Approach of each phase. MR: MapReduce, DFS: Distributed File System.
Recently, lots of companies and organizations try to analyze large amount of business data and leverage extracted knowledge to improve their operations. This chapter discusses techniques for processing large-scale data. In this chapter, we propose two computing frameworks for large-scale data mining:
Tree structured data analysis framework, and
Parallel machine learning framework.
The first framework is for analysis phase, in which we find out how to utilize business data through trial and error. The proposed framework stores tree-structured data using vertical partitioning technique, and uses HadoopMapReduce for distributed computing. These methods enable to reduce disk I/O load, and to avoid computationally-intensive processing, such as grouping and combining of records.
The second framework is for model learning phase, in which we create predictive models using machine learning algorithms. The proposed framework is another implementation of MapReduce. The framework is designed to ease parallelization of machine learning algorithms and reduce calculation overheads for iterative procedures. The framework minimizes frequency of thread generation and termination, and keeps feature vectors in local memory and local disk during iteration.
We start with discussion on process of data utilization in enterprise and organization described in Figure 1. We suppose the data utilization process consists of the following phases.
Model learning phase
Model application phase
1.1. Pre-processing phase
Pre-processing phase consists of 2 steps:
Step 1-1 Cleansing
Step 1-2 Structuring
Firstly Step 1-1 removes incorrect values and secondly Step 1-2 transforms table-format data into tree-structured data.
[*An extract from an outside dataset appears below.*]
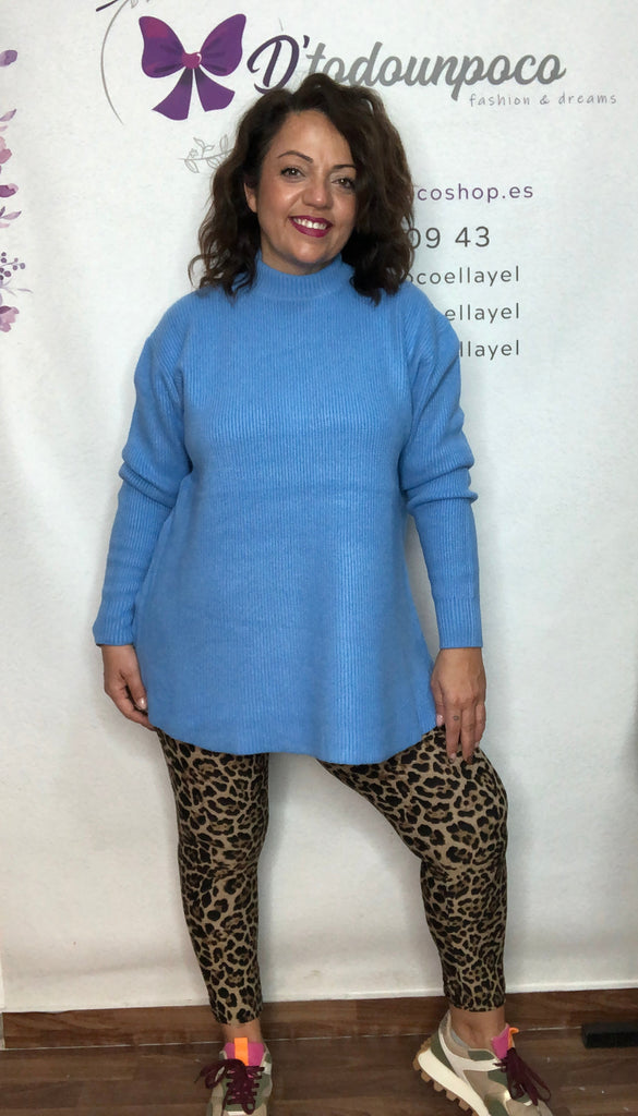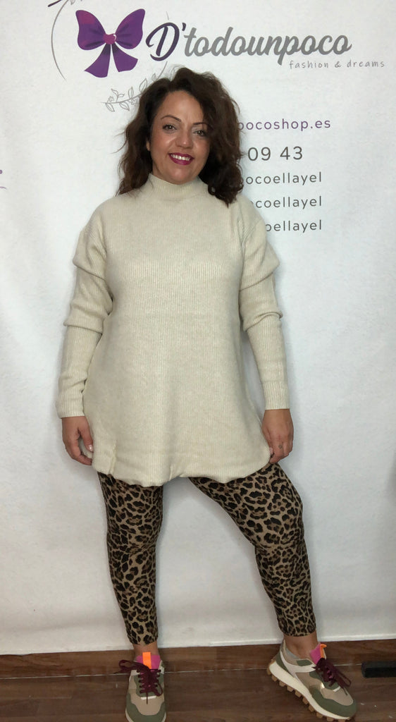 Jersey lana suave agradable y con cuerpo, talla unica de la 36 a la 48, mangas largas, cuello caja, y largo.

This pre-processing phase combines raw data from multiple data sources and creates tree-structured data in which records from multiple data sources are "joined".
Figure 2 illustrates an example of tree-structured server logs, in which the log data are grouped by each site at the top level. Site information consists of site ID (e.g. "site001") and a list of server information. Server information consists of server ID (e.g. "serv001"), average CPU usage (e.g. "ave-cpu:84.0%") and a list of detail records. Furthermore, a detail record consists of date (e.g. "02/05"), time (e.g. "10:20"), CPU usage (e.g. "cpu:92%") and memory usage (e.g. "mem:532MB").
If we store the data in table format, data grouping and data combining are repeatedly computed in analysis phase which comes after the pre-processing phase. Data grouping and data combining correspond "group-by" and "join" in SQL respectively. Note that the tree structure keeps the data be grouped and joined. In general when data size is large, the computation cost of data grouping and data combining becomes intensive. Therefore, we store data in tree structure format so that we avoid repetition of these computationally-intensive processing.
1.2. Analysis phase
Analysis phase finds out how to utilize the data through trial-and-error. In most situations the purpose of data analysis is not clear at an early stage of the data utilizatoin process. This is the reason why this early phase needs trial-and-error processes.
As described in Figure 1, the analysis phase consists of 3 independent steps:
Step 2-1 Attribute appending
Step 2-1 Aggregation
Step 2-1 Extraction
This phase iterates Step 2-1 and Step 2-2. The purpose of the iterative process is
To obtain statistical information and trend,
To decide what kind of predictive model should be generated, and
To decide which attributes should be used to calculate feature vectors of the predictive model.
Step 2-1 appends new attributes to tree-structured data by combining existing attributes. We suppose the iteration of attribute appending increases data size by 5-20 times. On the other hand, Step 2-2 calculates statistics of attributes and generates charts that help to grasp characteristics of the data. The calculations of Step 2-2 include mean, variance, histogram, cross tabulation, and so on.
An instance of the iterative process consisting attribute appending and aggregation is the following.
Calculate frequencies of CPU usage (Step 2-2)
Append a new attribute "average memory usage for each server" (Step 2-1)
Calculate standard deviation of a new attribute "average memory usage" (Step 2-2)
Append a new attribute "difference of memory usage from its average" (Step 2-1)
We usually append more than 10 new attributes into the raw data. Attribute appending increases value and visibility of data, and eases trial-and-error process for finding how to utilize the data.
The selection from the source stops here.